The proposed rules would require disclosure of a registrant’s cybersecurity governance policies, including board oversight procedures such as whether the board, specific board members, or a board committee is responsible for the oversight of cybersecurity risk management. The proposed rules require similar descriptions of management’s role with respect to cybersecurity incidents and risks.

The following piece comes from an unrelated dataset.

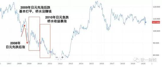 同样的日元也是如此,2008年先跌后涨(图中是USD/JPY也就是美元比日元,USD/JPY的上涨相当于日元相对于美元下跌),到了年末桥水才赚钱。即使是9.4%的收益,2008年桥水也是绝对耀眼的存在之一。
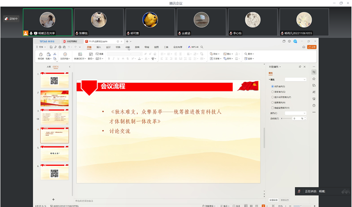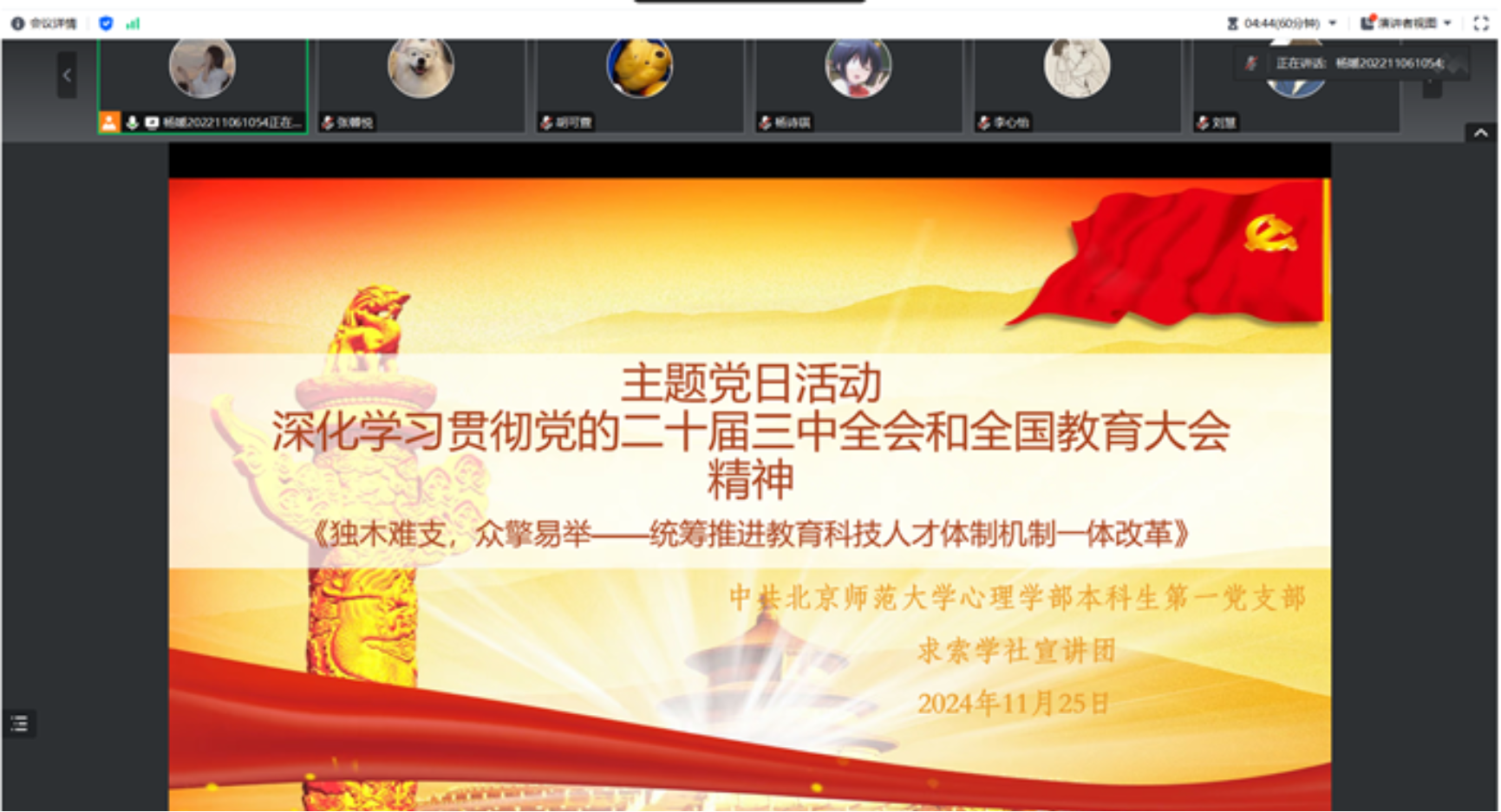 2024年11月20日20时,污污漫画 本科生第一党支部顺利开展11月份主题党日活动。本次活动邀请了污污漫画 求索学社宣讲团的金敏同志进行以《独木难支,众擎易举——统筹推进教育科技人才体制机制一体改革》为题的宣讲,通过“腾讯会议”平台以线上会议的形式进行,由杨媛同志主持,共49名同志参与。

Disclosure of Board of Directors’ Cybersecurity Expertise

The proposed rules would add a disclosure requirement in proxy statements for the election of directors regarding the cybersecurity expertise of members of the registrant’s board, if any. The release provides certain non-exclusive examples of what may constitute “cybersecurity expertise,” such as a director’s prior work experience, certification or degrees related to cybersecurity, or any skills or other background in cybersecurity. The proposing release also emphasized that a director designated as a cybersecurity expert will not be deemed an expert for any other purpose, and such a classification would not impose or diminish any duties, obligations and liability on such directors or the other directors under federal securities law.

Foreign Private Issuers

The SEC is proposing to amend Form 20-F to require annual disclosures regarding any previously undisclosed material cybersecurity incidents that have occurred during the reporting period and the same type of disclosure as that proposed in Reg S-K Items 106 and 407(j). The proposed amendments would also add reference to material cybersecurity incidents among the items that may trigger a current report on Form 6-K.

Practical Takeaways

In light of the proposed rules, companies may want to adopt certain improved governance and risk management measures. These should include regular reviews of their company’s policies and procedures related to cybersecurity risks and business resiliency and assessments of their company’s cybersecurity risks and capabilities. Company management and boards should also regularly evaluate the cybersecurity expertise of their members and consider the need for management-level personnel or board members with such expertise. With the focus of the proposal on board and management cybersecurity risk oversight, companies should consider assigning specific board committees and managers the task of overseeing cybersecurity risks. These measures would be designed to assist companies to promptly identify cybersecurity breaches and maintain compliance with disclosure requirements. 

To prepare for a cybersecurity incident, companies should prepare updates for their incident response plans and training in light of the proposed current reporting disclosure requirement. The update should include a checklist that lays out the information that must be disclosed in the event of a material cybersecurity incident under the proposed rules. 

The new four business day 8-K deadline may be challenging for companies to meet without protocols in place for prompt escalation and assessment of cybersecurity incidents. Companies should begin considering the proper internal disclosure procedures to ensure compliance with the 8-K requirements now.